Heavy, p.15
Heavy, page 15
Can’t be that bleeding urgent if he has to chase it around the office, thought Pig, whose head felt like it had a ten tonne weight in it and whose sinuses were itching. He got up slowly, and followed the fat secretary out of the room.
He heard footsteps in the corridor behind him.
When he reached Mr. Wallace, who was standing in a stairwell with his fists on his hips, Pig said nothing.
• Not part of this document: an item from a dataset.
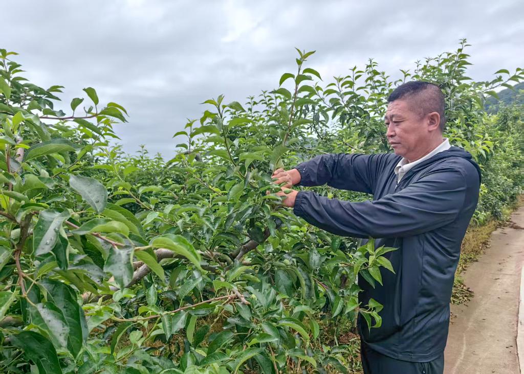 6月20日,北锅盔村党支部书记栾仁生正在果园里疏枝。新华社记者王帆 摄

“I am not a messaging service,” said Mr. Wallace.
“Sorry, Sir,” said Pig, with no idea or interest in whatever the hell the man was talking about. He wondered if he could go and buy an aspirin somewhere. Maybe one of the girls would let him buy one from them. Girls usually carried that sort of thing around with them.
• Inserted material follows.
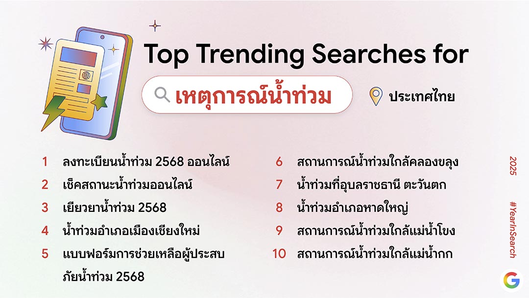 ความกังวลของคนไทยต่อสถานการณ์น้ำท่วมในหลายพื้นที่ของประเทศ ซึ่งส่งผลต่อชีวิตประจำวันทั้งการเดินทาง และความปลอดภัยสะท้อนผลอย่างชัดเจน โดย “ลงทะเบียนน้ำท่วม 2568 ออนไลน์” ครองอันดับ 1 คำค้นหายอดนิยมหมวดเหตุการณ์น้ำท่วม ตามด้วย “เช็กสถานะน้ำท่วมออนไลน์” “เยียวยาน้ำท่วม 2568” “น้ำท่วมอำเภอเมืองเชียงใหม่” “แบบฟอร์มการช่วยเหลือผู้ประสบภัยน้ำท่วม 2568” ในอันดับ 2- 5 ตามลำดับ และล่าสุด “น้ำท่วมอำเภอหาดใหญ่” ซึ่งเป็นเหตุการณ์ที่เกิดขึ้นได้ไม่นาน ก็พุ่งขึ้นมาติดโผใน 10 อันดับแรกอย่างรวดเร็ว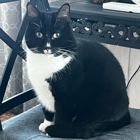 Grunnen til at vi gir bort katten er at vi har et barn med allergier.

“I shan’t be made to do your running around for you,” Mr. Wallace snapped.
“No, Sir,” said Pig, looking out of the stairwell window as rain ran down the large panes.
“Under the circumstances,” Mr. Wallace said, “you had better take the remainder of the day off. But do not allow this to become a habit, Mr. Ridell, or I shall have to discuss your employment with Mr. White.”
“Yes, Sir,” said Pig, thoroughly non-plussed.
Mr. Wallace glared at him expectantly. Pig stared back, his scars itching, his hangover bubbling, his brain asleep. They remained in deadlock for nearly a minute.
His manager broke first.
“At least thank me,” he snarled, pulling up his trousers in a defensive gesture, trying to stare down a man who had four inches on him.
Pig, bewildered, said, “Thank you, Sir,” with bad grace.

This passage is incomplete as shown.